Ich mache manchmal heimlich meine Runde und sortiere aus, packe alles in eine Tüte und stelle das oben in den Kellerschrank. Wenn ein halbes Jahr nicht danach gefragt wird, kommt es weg.
Oft geht es ganz gut, wenn andere Kinder in den Genuss kommen: Das ist für die Cousine, das für den Cousin und dann suchen wir noch etwas für die Kinder aus, deren Eltern kein Geld für Spielzeug haben (der Kindergarten hat mal eine solche Sammelaktion in Zusammenarbeit mit einem entsprechenden Institut gemacht).

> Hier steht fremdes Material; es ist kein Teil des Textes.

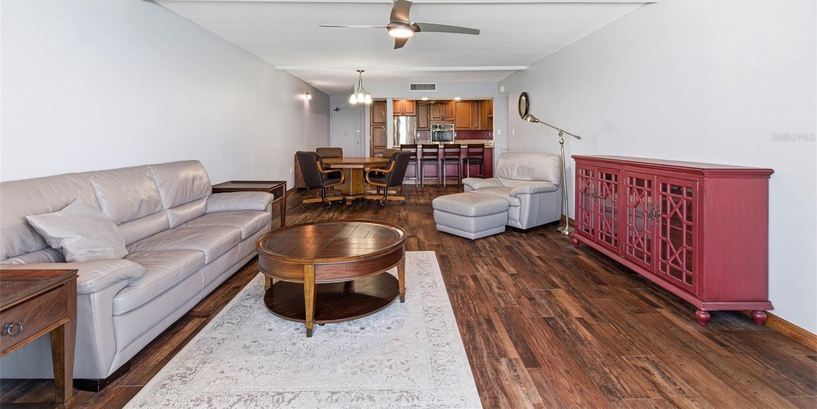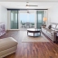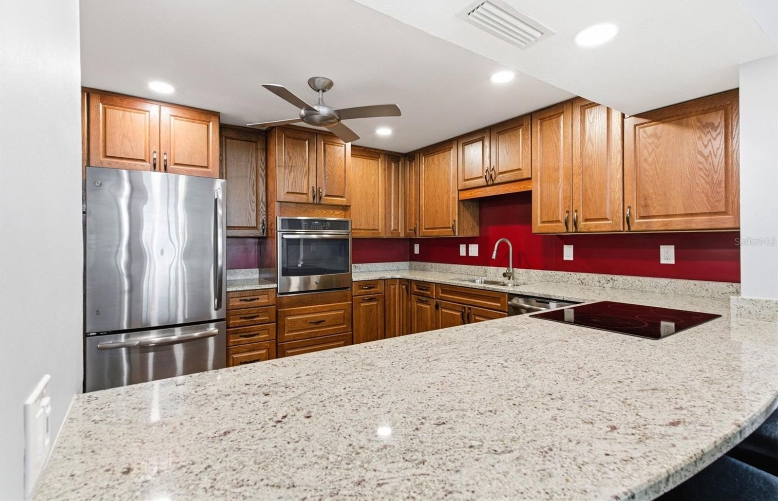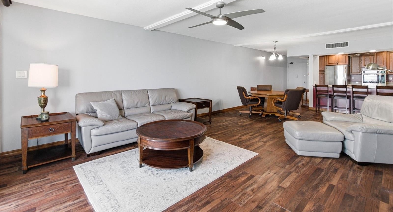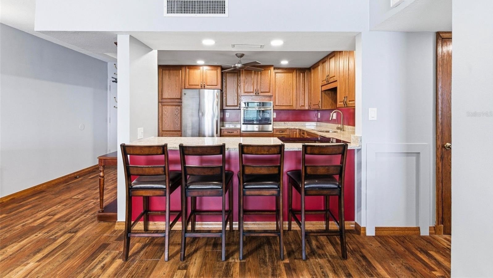As you enter, you're immediately greeted by an open-concept layout that flows effortlessly from the kitchen to the spacious living and dining areas. Sliding doors lead to a large private balcony where daily sunsets paint the sky with breathtaking color. The kitchen is a chef’s dream, featuring granite countertops, stainless steel appliances, custom cabinetry, and a counter-height seating area perfect for casual dining or entertaining.

Und ich habe auch schon - z.B. bei Zetteln und Bildern - die 3-Kisten-Variante durchgeführt: eine für "Behalten", eine für "Mal sehen" und eine für "kann weg". Und habe ihr gesagt, dass die "kann weg" nicht kleiner gefüllt sein soll als die anderen beiden. Dabei hilft mir aber, dass meine Große selbst sehr systematisch ist und zwar einerseits gerne hortet, andererseits aber ein aufgeräumtes Zimmer schätzt.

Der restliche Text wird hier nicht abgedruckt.